結局のところ、自分に従わない娘に腹を立てていただけなのかもしれない……
対照的に、父の耕一郎はあからさまに仏頂面を崩そうとしない。
早苗の
「ねぇお父さん」
の言葉に表情を変える事無く、話に加わる事もしない。
「えっ?幽霊?止めてくれよ。家の家族はずっとあそこに住んでるけど、今迄そんな話、聞いた事も無いよ」
文也は笑いながら否定した。
「大丈夫だよ!幽霊だろうが何だろうが僕が付いてるから、だから一緒に帰ろう……佐登美」
「文也さん!佐登美をよろしくね」
「はい!」
文也は自宅にいる時よりもよく喋り、良く笑顔を見せている。嫁の実家だから気を使っているのか……と言うより、重蔵や敏子の前の文也の方が、気を使っている気がする。
佐登美は仕方無く、文也とあの家へ帰る事にした。
帰りの車の中、文也はさっきと打って変わって一言も喋ら無い。
佐登美も、何を言っても否定されるのは分かっている。もう何も話す気持ちにもならなかった。誰にも信じて貰え無い事に、もはや夢だったのか?むしろ夢であって欲しいと思い始めていた。
駐車場に車が停まると、佐登美は渋々車から降りる。
玄関へ向かう文也の後ろを早足で追う。
扉を開ける文也に隠れる様に中を覗くと……いきなり仁王立ちした敏子が目に入った。
『目ん玉ひん剥いて』とよく聞くが、まさにこう言う事なのかと思える表情の敏子がいた。
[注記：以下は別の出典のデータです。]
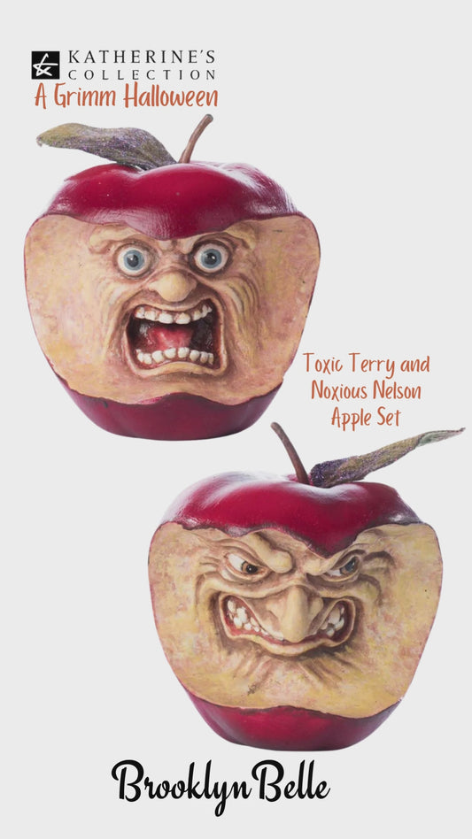 Katherine's Collection Toxic Terry and Noxious Nelson Apples Set of 2 Katherine's Collection Halloween Apple Decorations

「こんな時間に、ふしだらな娘だ!いったいお前の親はどんな躾してんだい!」
いきなり敏子の罵声が飛んで来た。
「母さん‼︎」
文也が遮るが、敏子は辞めようとしない。
「遊び歩いて迎えに来させるなんて図々しい。なんの役にもたたないんだから、さっさと出て行けばいいんだ!」
「止めろ‼︎」
文也は珍しく声を荒げ、敏子に反発した。
「なんだい……お前……」
敏子は文也を睨み付け、足元のスリッパラックを蹴飛ばし威嚇する。
動じない文也と暫し睨み合い。
「ふん‼︎」
敏子は、悔しげにリビングに消えて行った。
文也の硬直した顔が、佐登美を見てほころんだ。
「心配で……多分、愛情表現なんだよ」
「愛情?……表現?」
敏子の言葉からも、文也との様子を見ても、その言葉はどちらからも感じられ無い。